__Your goal__. Copy exactly the lines from the beginning of the data down to and including the line holding "Bergamot From Italy, Grapefruit, Ambrette, Rose", without any pictures.

___ Data in this exercise

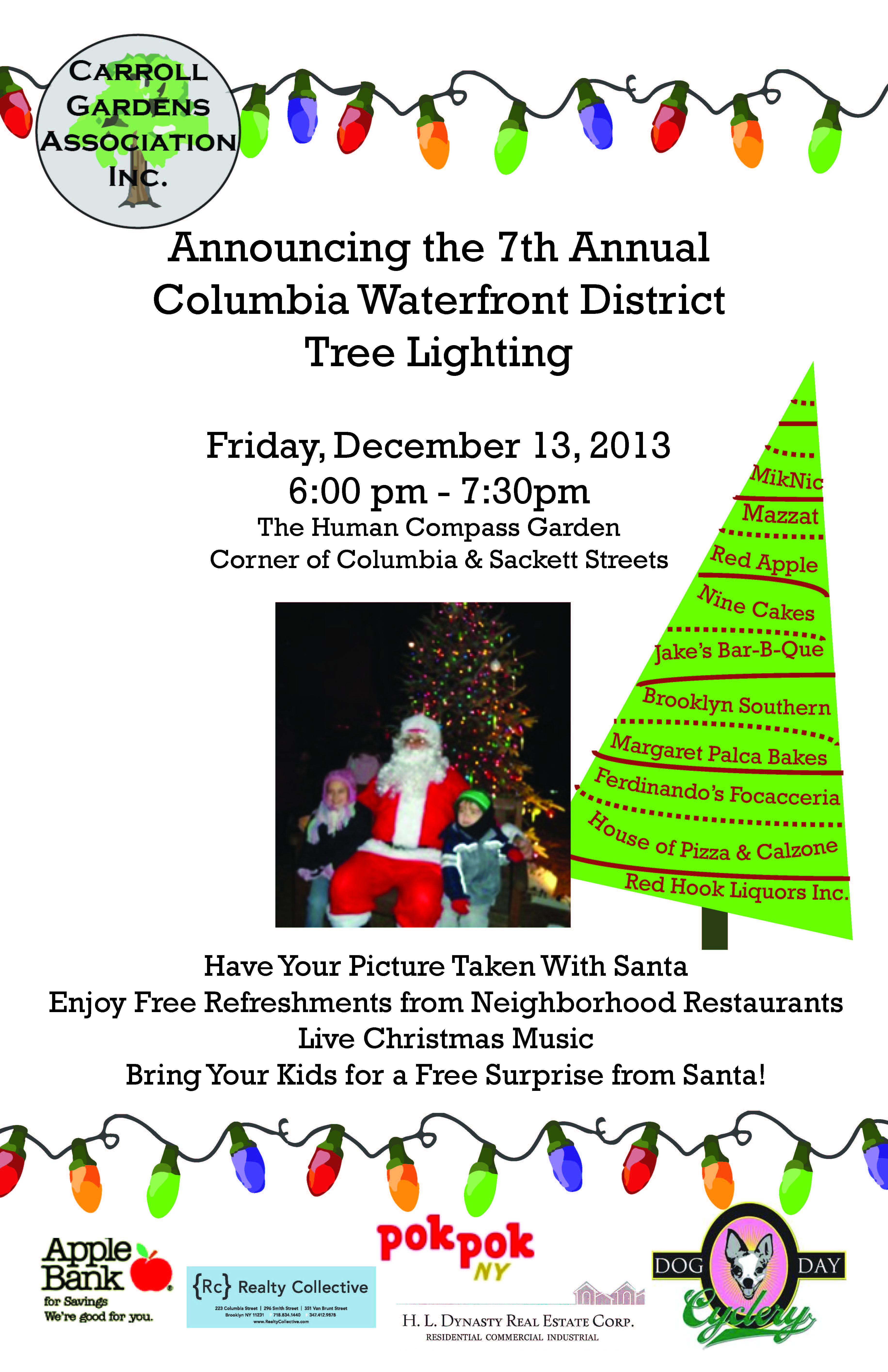 Join us for the 7th Annual Columbia Waterfront District Tree Lighting on Friday, December 13th from 6pm to 7:30pm at the Human Compass Garden (Columbia & Sackett Streets). Dan Kurfirst Trio will perform holiday music; there will be free refreshments compliments of local restaurants; and Santa will arrive on the FDNY Local 202 truck with surprises for children.
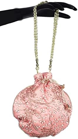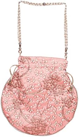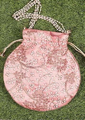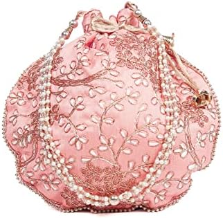 RIANGI Traditional Indian Hand Embroidery Floral Faux Pearl Rope Shopping Gift Jewelry Wedding Returns Gift Sweet Distribution drawstring bag Red Fancy purse bag
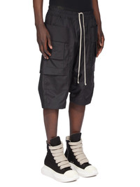 DRKSHDW FW25 CONCORDIANS CREATCH CARGO PODS IN BLACK NYLON CANVAS THESE CREATCH CARGO PODS. ARE BELOW KNEE LENGTH, WITH A DROPPED CROTCH AND WIDE CENTRE PANEL. THEY HAVE AN ELASTICIZED WAISTBAND WITH DRAWSTRING AND STITCHED FLY. THEY FEATURE LAYERED FRONT POCKETS WITH SIDE BELT STRAPS WITH SIGNATURE STITCHING LINES AND TWO FLAP POCKETS WITH FLAPS AND TOPSTITCHING. THIS MEDIUMWEIGHT NYLON CANVAS IS COMPACT WITH A SOFT AND TECHNICAL HANDFEEL THIS FABRIC IS MADE USING GRS CERTIFIED RECYCLED NYLON WHICH ENSURES A REDUCTION IN WATER CONSUMPTION, EMISSIONS AND HAZARDOUS WASTE, LESSENING THE DEPENDENCE ON NON-RENEWABLE RESOURCES COLOR: BLACK MATERIAL: 100% NYLON MODEL IS 189CM TALL MODEL WEARS SIZE S
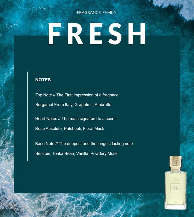 Bergamot From Italy, Grapefruit, Ambrette, Rose Absolute, Patchouli, Floral Musk, Benzoin, Tonka Bean, Vanilla, Powdery Musk
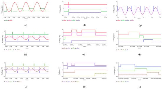 Waveform of simulation. (a) Comparison the waveform of V1 and VPT; (b) Waveform of double–crossing detection circuit when V2 and V3 are ±0.05 V; (c) Waveform of double–crossing detection circuit when V2 and V3 are ±0.5 V; (d) The generation process of P1 signal global graph; (e) The generation process of P1 signal local graph; (f) Signal generation process of P1, P2 and P3. (g) The generation process of switching signals K1, K2, and K3 global graph; (h) The generation process of switching signals K1, K2, and K3 from positive to negative; (i) The generation process of switching signals K1, K2, and K3 from negative to positive.
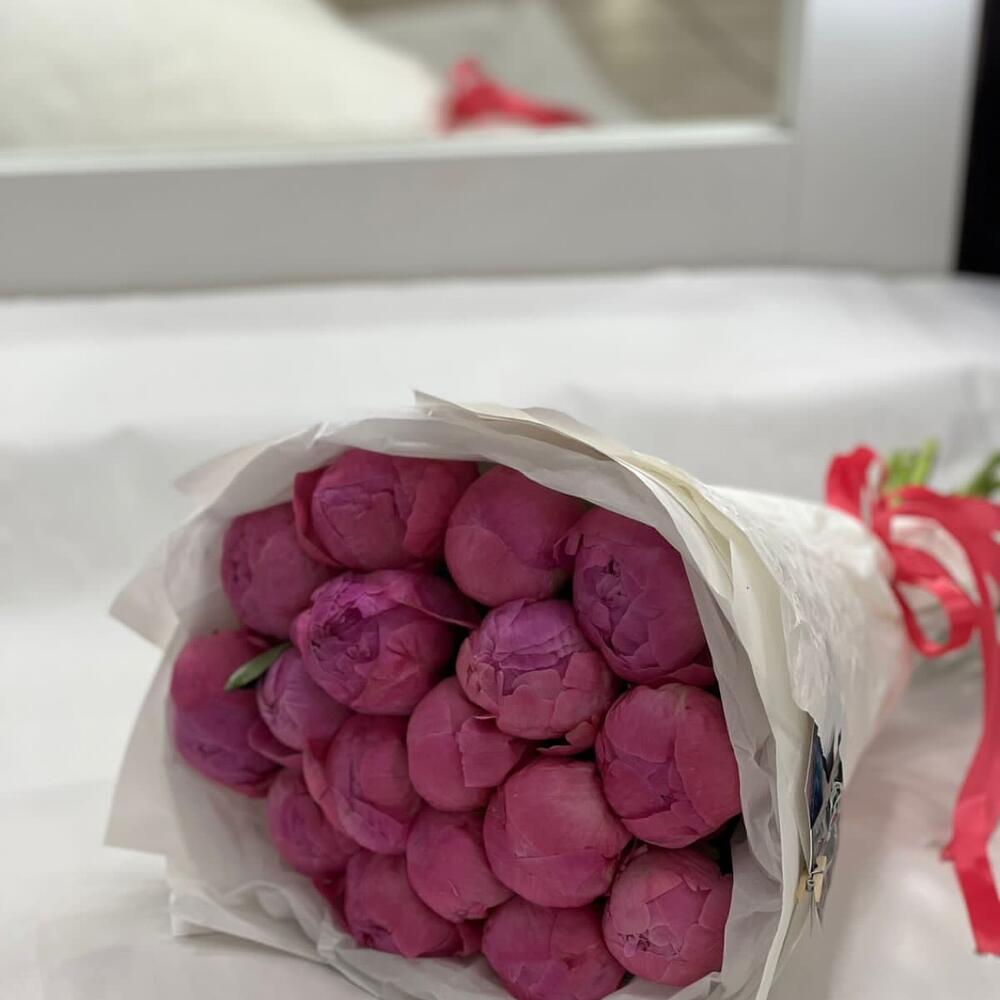 Упаковка – 2 шт.Лента атласная – 1 шт.пион ярко розовый премиум – 17 шт.
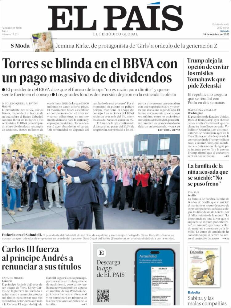 Portada del diario EL PAÍS del día 18/10/2025 News Europa18 octubre, 2025 Portada del diario EL PAÍS del día 18/10/2025
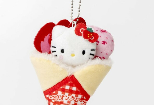 ハローキティがクレープに包まれた、とってもかわいいぬいぐるみチャームが登場。
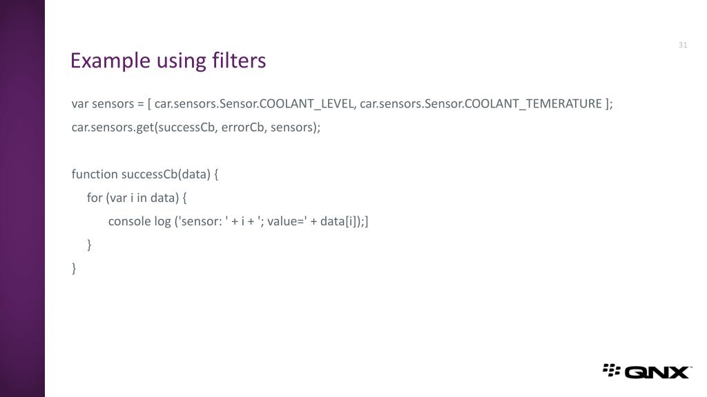 QNX CAR 2.0 sensors example qnx.sensors.get( speed, tire_pressure_fl, tire_pressure_fr, ...) Returns: { speed: 0, tire_pressure_fl: 31, tire_pressure_fr: 31 [...] }
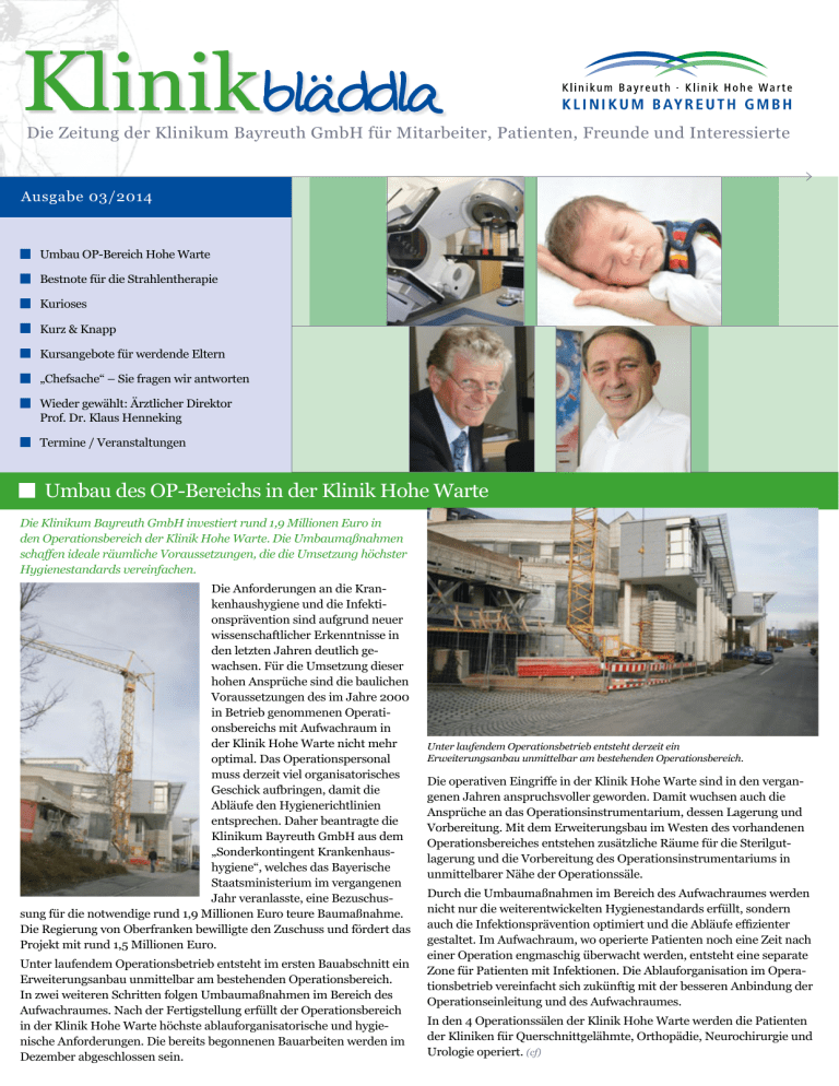Klinik Die Zeitung der Klinikum Bayreuth GmbH für Mitarbeiter, Patienten, Freunde und Interessierte Ausgabe 03/2014 Umbau OP-Bereich Hohe Warte Bestnote für die Strahlentherapie Kurioses Kurz & Knapp Kursangebote für werdende Eltern „Chefsache“ – Sie fragen wir antworten Wieder gewählt: Ärztlicher Direktor Prof. Dr. Klaus Henneking Termine / Veranstaltungen Umbau des OP-Bereichs in der Klinik Hohe Warte Die Klinikum Bayreuth GmbH investiert rund 1,9 Millionen Euro in den Operationsbereich der Klinik Hohe Warte. Die Umbaumaßnahmen schaffen ideale räumliche Voraussetzungen, die die Umsetzung höchster Hygienestandards vereinfachen. Die Anforderungen an die Krankenhaushygiene und die Infektionsprävention sind aufgrund neuer wissenschaftlicher Erkenntnisse in den letzten Jahren deutlich gewachsen. Für die Umsetzung dieser hohen Ansprüche sind die baulichen Voraussetzungen des im Jahre 2000 in Betrieb genommenen Operationsbereichs mit Aufwachraum in der Klinik Hohe Warte nicht mehr optimal. Das Operationspersonal muss derzeit viel organisatorisches Geschick aufbringen, damit die Abläufe den Hygienerichtlinien entsprechen. Daher beantragte die Klinikum Bayreuth GmbH aus dem „Sonderkontingent Krankenhaushygiene“, welches das Bayerische Staatsministerium im vergangenen Jahr veranlasste, eine Bezuschussung für die notwendige rund 1,9 Millionen Euro teure Baumaßnahme. Die Regierung von Oberfranken bewilligte den Zuschuss und fördert das Projekt mit rund 1,5 Millionen Euro. Unter laufendem Operationsbetrieb entsteht im ersten Bauabschnitt ein Erweiterungsanbau unmittelbar am bestehenden Operationsbereich. In zwei weiteren Schritten folgen Umbaumaßnahmen im Bereich des Aufwachraumes. Nach der Fertigstellung erfüllt der Operationsbereich in der Klinik Hohe Warte höchste ablauforganisatorische und hygienische Anforderungen. Die bereits begonnenen Bauarbeiten werden im Dezember abgeschlossen sein. Unter laufendem Operationsbetrieb entsteht derzeit ein Erweiterungsanbau unmittelbar am bestehenden Operationsbereich. Die operativen Eingriffe in der Klinik Hohe Warte sind in den vergangenen Jahren anspruchsvoller geworden. Damit wuchsen auch die Ansprüche an das Operationsinstrumentarium, dessen Lagerung und Vorbereitung. Mit dem Erweiterungsbau im Westen des vorhandenen Operationsbereiches entstehen zusätzliche Räume für die Sterilgutlagerung und die Vorbereitung des Operationsinstrumentariums in unmittelbarer Nähe der Operationssäle. Durch die Umbaumaßnahmen im Bereich des Aufwachraumes werden nicht nur die weiterentwickelten Hygienestandards erfüllt, sondern auch die Infektionsprävention optimiert und die Abläufe effizienter gestaltet. Im Aufwachraum, wo operierte Patienten noch eine Zeit nach einer Operation engmaschig überwacht werden, entsteht eine separate Zone für Patienten mit Infektionen. Die Ablauforganisation im Operationsbetrieb vereinfacht sich zukünftig mit der besseren Anbindung der Operationseinleitung und des Aufwachraumes. In den 4 Operationssälen der Klinik Hohe Warte werden die Patienten der Kliniken für Querschnittgelähmte, Orthopädie, Neurochirurgie und Urologie operiert. (cf) 2 Klinik Bestnote für die Strahlentherapie Strahlenanwendungen im Klinikum Bayreuth – Überprüfung mit Note 1 bestanden Die Verwendung von ionisierenden Strahlen rettet in der Krebstherapie Leben – kann aber ein solches bei unsachgemäßer Handhabung auch gefährden. Daher erfordert der Umgang mit derartigen Therapien ein besonderes Maß an Vorsicht und regelmäßige Prüfungen zur Qualitätssicherung. Im Klinikum Bayreuth stand diese Überprüfung nun an. Das Ergebnis: Wie schon vor zwei Jahren mit Bestnote bestanden. „Wir sehen das als Belohnung und Beweis unserer konstant und mit hohem Engagement aller Mitarbeiter erzielten besonders hohen Qualität“, erklären die beiden Chefärzte der Klinik für Strahlentherapie im Klinikum Bayreuth, Prof. Dr. Ludwig Keilholz und Privatdozent Dr. Jochen Willner. Das standardisierte Begutachtungssystem der Landesärztekammer sieht eine Überprüfung aller Strahlentherapieeinrichtungen im Freistaat im Abstand von zwei Jahren vor. Vor Ort prüft dabei eine Kommission der Bayerischen Landesärztekammer, die mit anerkannten Experten aus renommierten Universitätskliniken besetzt ist, einen ganzen Tag lang nicht nur die medizinischen Geräte. Sie beurteilt auch die Qualität der Arbeit von Ärzten, Physikern und Medizinischtechnischen Radiologieassistenten, die mit diesen Geräten vor Ort geleistet wird. Sie soll sicherstellen, dass bei der Anwendung radioaktiver Stoffe und ionisierender Strahlung bei Patienten „die ErforDie Hochpräzesions-Radiotherapieanlage im Klinidernisse der medizinischen Wissenschaft beachtet kum Bayreuth bietet den Patienten ein Höchstmaß werden und die angewendeten Verfahren und an Genauigkeit bei der Bestrahlung. eingesetzten Anlagen zur Erzeugung ionisierender Strahlen, Bestrahlungsvorrichtungen, sonstige Geräte oder Ausrüstungen den nach dem Stand von Wissenschaft und Technik jeweils notwendigen Qualitätsstandards entsprechen“ (Auszug aus § 83 der Strahlenschutzverordung). Das heißt nicht nur, dass die Strahlenbelastung des Patienten stets so gering wie möglich gehalten werden soll, sondern dass der Einsatz der Bestrahlung in fachlich und wissenschaftlich ausgezeichneter Weise erfolgt. Sowohl in der Klinik für Strahlentherapie im Klinikum Bayreuth als auch in der Zweigstelle im Kulmbacher Klinikum bescheinigte das Gremium dem medizinischen und medizin-physikalischen Team tadellose Arbeit und vergab in allen Bereichen die Bestnote 1. Die Bestnote wurde im Tätigkeitsbericht 2012/13 der Bayerischen Landesärztekammer bei 66 zu prüfenden Institutionen nur siebenmal vergeben. (xp) Kurioses Ein weiter Weg: … da hat doch ein Spaßvogel seinen subjektiven Empfindungen Luft gemacht. Mehr Informationen auch unter: www.klinikum-bayreuth.de Kurz & Knapp Kosmetikkurse für Krebspatienten Häu
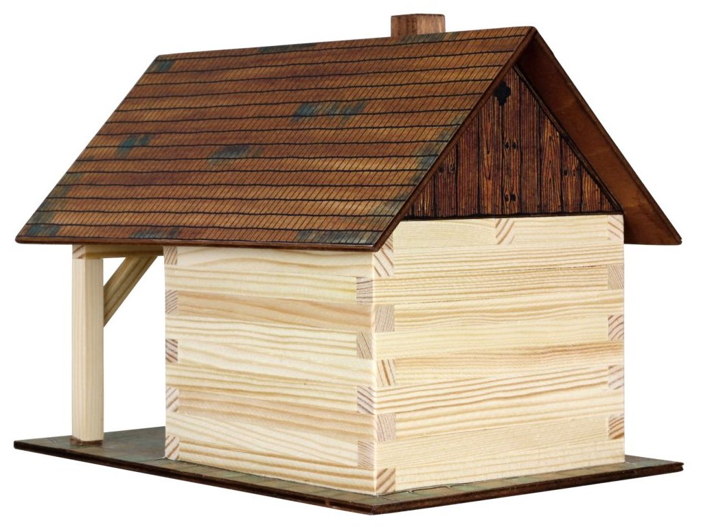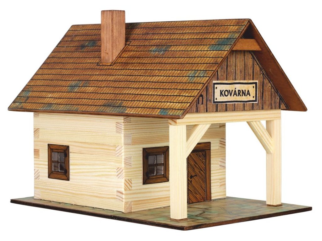 Dřevěná slepovací stavebnice KOVÁRNY, materiál je smrkové dřevo a překližka. Model obsahuje přesné díly, které sestavujete a slepujete. Dřevěné hranoly mají průřez 9x9 mm. Český výrobek.Doplňkové parametry
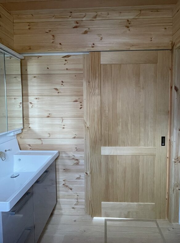 お風呂も日本式湯舟は、日本人には必須。海外のログハウスではシャワーのみやシャワーとサウナなどが主流になってきます。
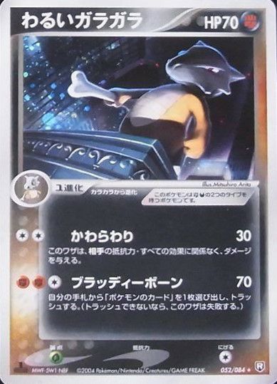 わるいガラガラ(052/084)は、2004年10月15日に発売された拡張パック「ロケット団の逆襲」に収録された闘・悪の2タイプを持つ1進化ポケモンで、レアリティは★(レア)です。HPは70で、ワザ「かわらわり」は無色エネルギー2個で30ダメージを与え、相手の抵抗力や効果を無視してダメージを与えます。ワザ「ブラッディーボーン」は闘エネルギー2個と無色エネルギー1個で70ダメージを与えますが、自分の手札からポケモンのカードを1枚トラッシュする必要があります(トラッシュできない場合、このワザは失敗します)。弱点は草タイプ(×2)、抵抗力はなく、逃げるためのエネルギーは2個です。進化前はカラカラで、イラストはMitsuhiro Arita氏が担当しています。
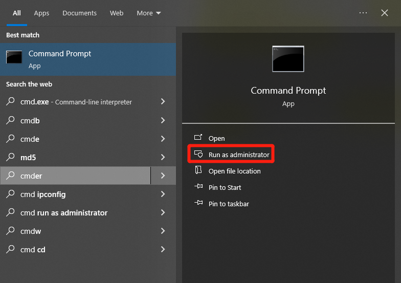 Step 2: Write “CMD.” Then, launch “Command Prompt” with administrator privileges.

______

__Expected answer__.
 Join us for the 7th Annual Columbia Waterfront District Tree Lighting on Friday, December 13th from 6pm to 7:30pm at the Human Compass Garden (Columbia & Sackett Streets). Dan Kurfirst Trio will perform holiday music; there will be free refreshments compliments of local restaurants; and Santa will arrive on the FDNY Local 202 truck with surprises for children.
 RIANGI Traditional Indian Hand Embroidery Floral Faux Pearl Rope Shopping Gift Jewelry Wedding Returns Gift Sweet Distribution drawstring bag Red Fancy purse bag
 DRKSHDW FW25 CONCORDIANS CREATCH CARGO PODS IN BLACK NYLON CANVAS THESE CREATCH CARGO PODS. ARE BELOW KNEE LENGTH, WITH A DROPPED CROTCH AND WIDE CENTRE PANEL. THEY HAVE AN ELASTICIZED WAISTBAND WITH DRAWSTRING AND STITCHED FLY. THEY FEATURE LAYERED FRONT POCKETS WITH SIDE BELT STRAPS WITH SIGNATURE STITCHING LINES AND TWO FLAP POCKETS WITH FLAPS AND TOPSTITCHING. THIS MEDIUMWEIGHT NYLON CANVAS IS COMPACT WITH A SOFT AND TECHNICAL HANDFEEL THIS FABRIC IS MADE USING GRS CERTIFIED RECYCLED NYLON WHICH ENSURES A REDUCTION IN WATER CONSUMPTION, EMISSIONS AND HAZARDOUS WASTE, LESSENING THE DEPENDENCE ON NON-RENEWABLE RESOURCES COLOR: BLACK MATERIAL: 100% NYLON MODEL IS 189CM TALL MODEL WEARS SIZE S
 Bergamot From Italy, Grapefruit, Ambrette, Rose Absolute, Patchouli, Floral Musk, Benzoin, Tonka Bean, Vanilla, Powdery Musk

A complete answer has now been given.